▸ What the task asks
Transcribe the listing exactly, skipping every picture.

▸ Supplied material
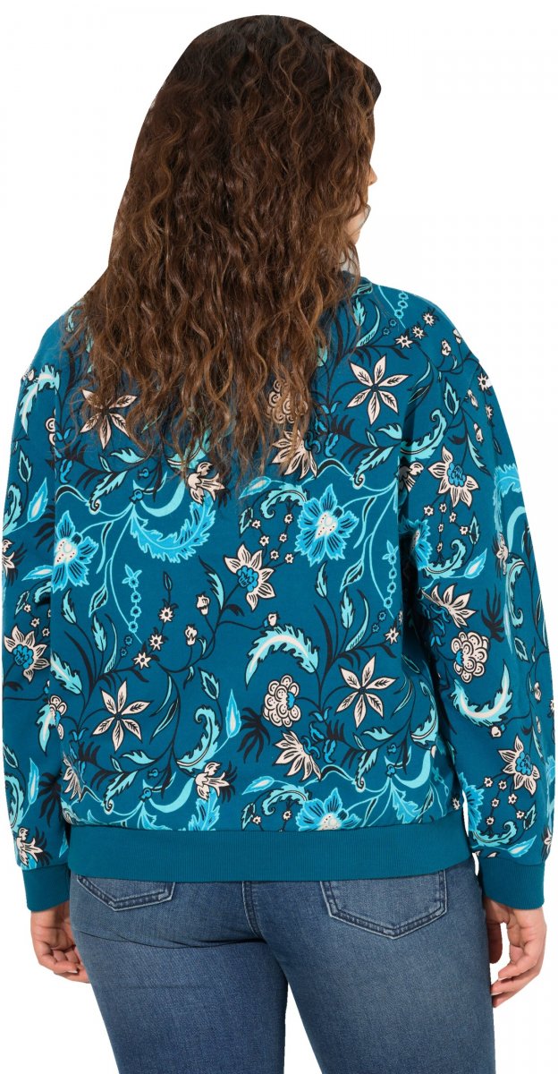 Ulla Popken Beaded Floral Long Sleeve Sweatshirt Dark Teal
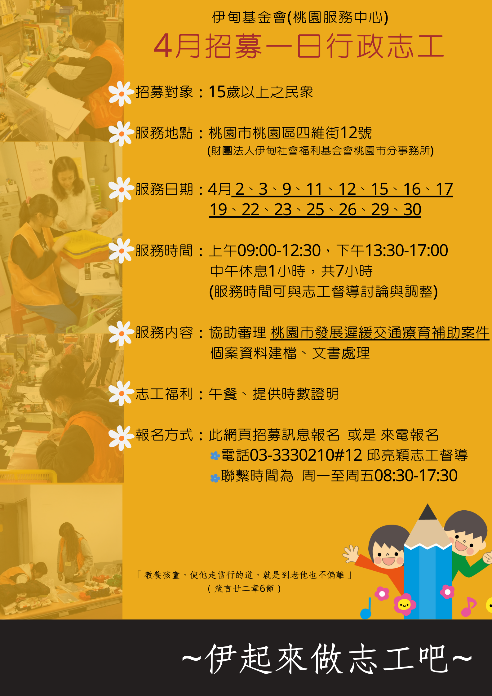 ☆志工福利:午餐、提供時數證明
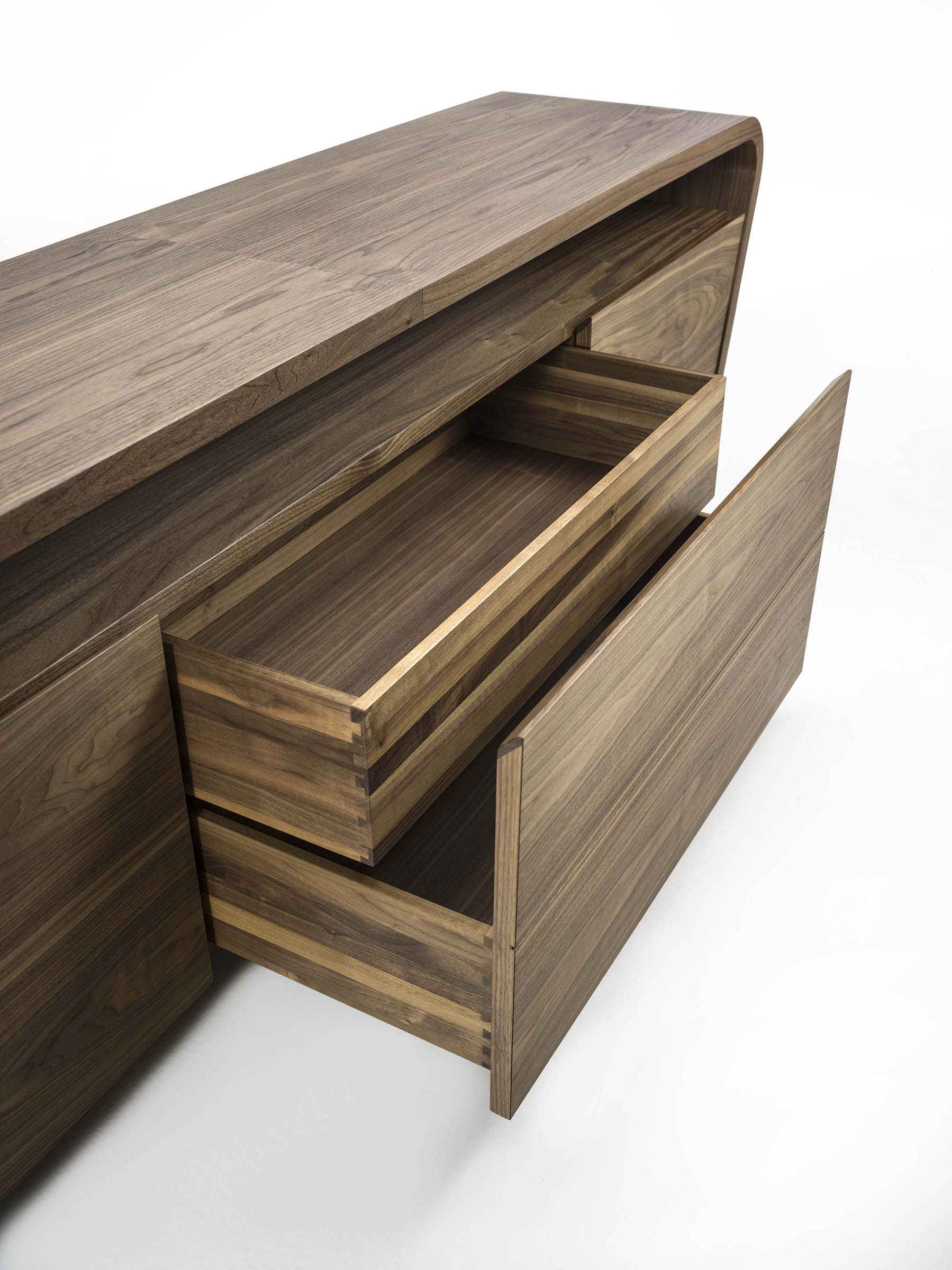 Buffet en bois massif et multiplis avec deux portes latérales et tiroirs centraux, caractérisé par des lignes sinueuses et arrondies. Un compartiment ouvert, pratique et fonctionnel, se trouve sous la partie supérieure.

▸ Solution to this problem
 Ulla Popken Beaded Floral Long Sleeve Sweatshirt Dark Teal
 ☆志工福利:午餐、提供時數證明
 Buffet en bois massif et multiplis avec deux portes latérales et tiroirs centraux, caractérisé par des lignes sinueuses et arrondies. Un compartiment ouvert, pratique et fonctionnel, se trouve sous la partie supérieure.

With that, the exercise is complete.